A Spark Data Source for accessing 🤗 Hugging Face Datasets:
- Stream datasets from Hugging Face as Spark DataFrames
- Select subsets and splits, apply projection and predicate filters
- Save Spark DataFrames as Parquet files to Hugging Face
- Fully distributed
- Authentication via
huggingface-cli login
or tokens - Compatible with Spark 4 (with auto-import)
- Backport for Spark 3.5, 3.4 and 3.3
pip install pyspark_huggingface
Load a dataset (here stanfordnlp/imdb):
import pyspark_huggingface
df = spark.read.format("huggingface").load("stanfordnlp/imdb")
Save to Hugging Face:
# Login with huggingface-cli login
df.write.format("huggingface").save("username/my_dataset")
# Or pass a token manually
df.write.format("huggingface").option("token", "hf_xxx").save("username/my_dataset")
Select a split:
test_df = (
spark.read.format("huggingface")
.option("split", "test")
.load("stanfordnlp/imdb")
)
Select a subset/config:
test_df = (
spark.read.format("huggingface")
.option("config", "sample-10BT")
.load("HuggingFaceFW/fineweb-edu")
)
Filters columns and rows (especially efficient for Parquet datasets):
df = (
spark.read.format("huggingface")
.option("filters", '[("language_score", ">", 0.99)]')
.option("columns", '["text", "language_score"]')
.load("HuggingFaceFW/fineweb-edu")
)
While the Data Source API was introcuded in Spark 4, this package includes a backport for older versions.
Importing pyspark_huggingface
patches the PySpark reader and writer to add the "huggingface" data source.

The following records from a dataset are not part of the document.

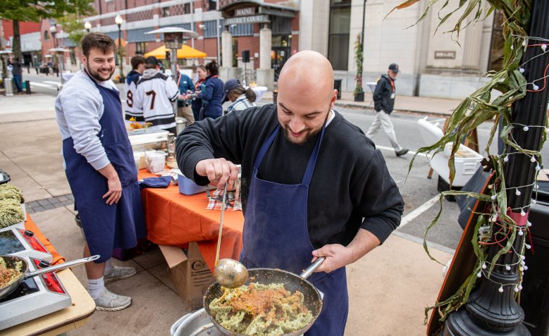 Evan Mancini, from Mancini's Italian Deli in Lewiston, prepares bolognese and ricotta pasta Wednesday on the sidewalk in front of Dufresne Plaza during the Lewiston Auburn Metropolitan Chamber of Commerce's annual Taste the Harvest event in Lewiston. Dozens of local restaurants, farms and vendors took part in the event that highlights and promotes the local food economy. (Russ Dillingham/Staff Photographer)
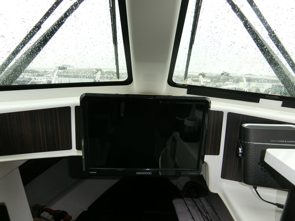 ・操船席周りには、左舷側からレーダー(FURUNO製)、テレビ(10インチ)、魚探(HONDEX製 HDX-12C)、ソナー(HONDEX製 HEー773ⅣーDi)、メインモニター、マリンVHF等が整然と並び、大分気分が盛上がる雰囲気です。
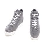 Last but not least are the Tobago high-top elevated sneakers. This model is finely crafted and exclusive featuring a white sole and Hermes gray crocodile leather. As with any of these shoes, the sole is in super-light natural rubber.
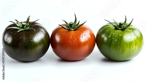 Fresh ripe tomatoes in different colors with water drops on white background - black kumato, red and green zebra heirloom varieties lined up in row.
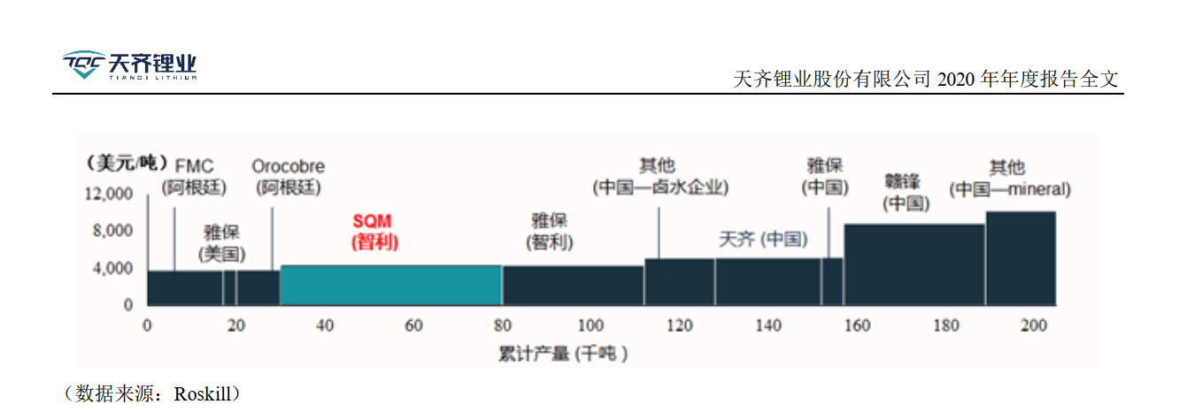 據天齊鋰業在2020年報中轉引Roskill的研究,全球各主要鋰化工產品生產企業的碳酸鋰提鋰成本排名較前的受FMC(即Livent)、雅保和SQM這些海外企業控制,而天齊鋰業和贛鋒鋰業所控制的鋰資源開采成本都排名較為靠后。
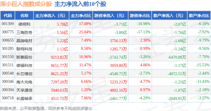 资金流向方面,深小巨人(399268)指数成份股当日主力资金净流入合计16.53亿元,游资资金净流出合计4.17亿元,散户资金净流出合计12.36亿元。成份股资金流向详情见下表:

It is compatible with PySpark 3.5, 3.4 and 3.3:
>>> import pyspark_huggingface
huggingface datasource enabled for pyspark 3.x.x (backport from pyspark 4)
The import is only necessary on Spark 3.x to enable the backport.
Spark 4 automatically imports pyspark_huggingface
as soon as it is installed, and registers the "huggingface" data source.